How We Stopped Our AI Agents From Getting Dumber Mid-Session

"Task 50 should have the same quality as Task 1. If it doesn't, your architecture is wrong."

The Moment I Noticed

I watched Atlas — the founder agent on our Halo investment tracker — build a perfect Prisma database schema. Clean types, proper relations, sensible defaults. Forty minutes later, in the same session, he wrote a UI component that completely ignored the schema he'd just created. Different field names. Wrong relationships. A portfolioId where the schema used holdingGroupId.

Same session. Same agent. Same context window.

What happened?

Context Rot Is Real

Every AI model operates within a context window — a fixed amount of text it can hold in working memory. Claude has 200k tokens. GPT-4 has 128k. Within that window, the model reasons over everything: your instructions, the codebase it's read, the code it's written, the conversation so far.

Here's what nobody tells you about that window: quality degrades as it fills.

0–30% utilization: Peak quality. The model has room to reason. Decisions are coherent. Code is clean.
30–50%: Still good, but the model starts taking shortcuts. Less thorough error handling. Fewer edge cases considered.
50–70%: Rushing. The model "knows" it's running out of room (not consciously, but the compression effects are measurable). It starts cutting corners — skipping validation, reusing patterns even when they don't fit.
70%+: Hallucinations spike. The model starts contradicting its own earlier decisions. It forgets constraints it established 20 minutes ago. This is where Atlas built a UI that ignored his own schema.

Quality degrades as the context window fills — not linearly, but exponentially after 50%.

This isn't theoretical. We see it in every project. Late-session code is measurably worse than early-session code. The same agent that writes elegant, well-tested code at the start of a session produces sloppy, assumption-heavy code at the end.

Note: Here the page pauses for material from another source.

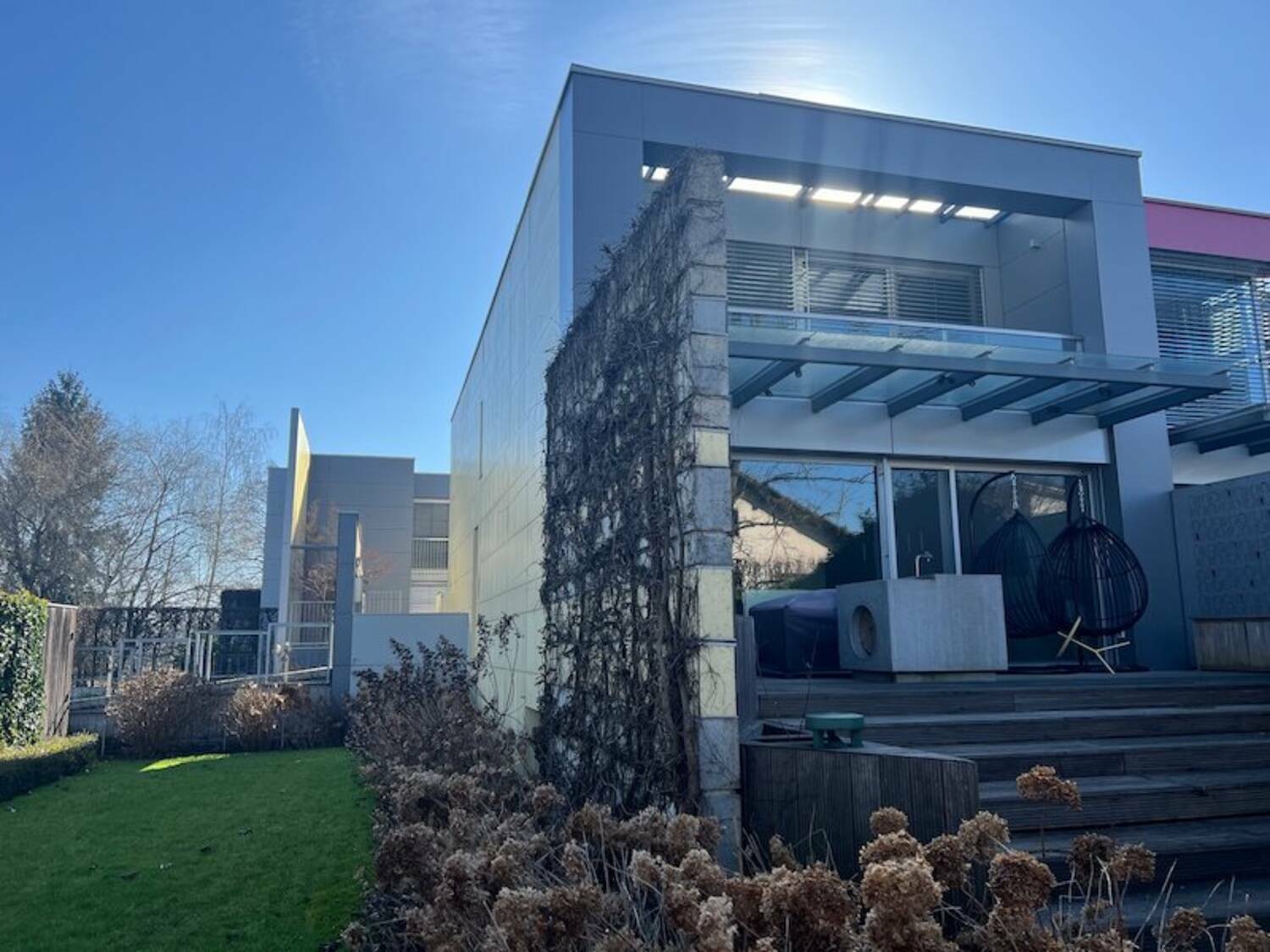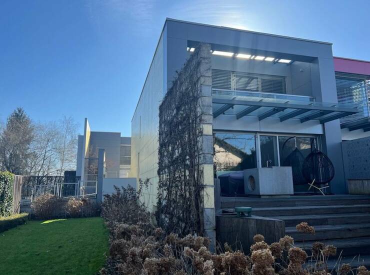 Ekskluzivna, moderna, končna vrstna hiša v skupni izmeri 254 m2 ponuja družini ali posameznikom lepo bivanje v notranjosti objekta, kot tudi na vrtu.. Zemljišče skupaj s stavbiščem meri 425 m2. Vrt je delno prekrit s tropskim lesom. . Vsi vgrajeni materiali so višjega cenovnega razreda. V garaži je možno parkirati 3 vozila (možnost polnjenja el. avtomobila).

I was essentially asking my best engineer to code for 8 hours straight without a break, without notes, holding the entire codebase in their head — and then wondering why hour 7 looked different from hour 1.

How We Used to Work

Our agents — Atlas on Halo, Hopper on Commish Command — would receive a feature and work it in a single long session. Sometimes an hour. Sometimes two. The session would start clean: read the state, understand the requirements, plan the approach.

By the end, the agent was writing code that contradicted decisions made 30 minutes earlier. Not because it was a bad agent. Because the context window was full, and the early decisions — the schema choices, the architectural patterns, the naming conventions — were being compressed and degraded to make room for the latest code.

We were burning through context like it was infinite. It isn't.

The Fix: Four Patterns That Changed Everything

We extracted four patterns from the GSD framework — an open-source spec-driven development system for Claude Code by Lex Christopherson. These patterns solve the biggest quality gap in multi-agent systems: context degradation in long sessions.

We codified them as HWW-1.6 — the latest version of our "How We Work" operating standard. Here's what changed.

Pattern 1: Fresh Subagent Contexts

This is the single biggest architectural win.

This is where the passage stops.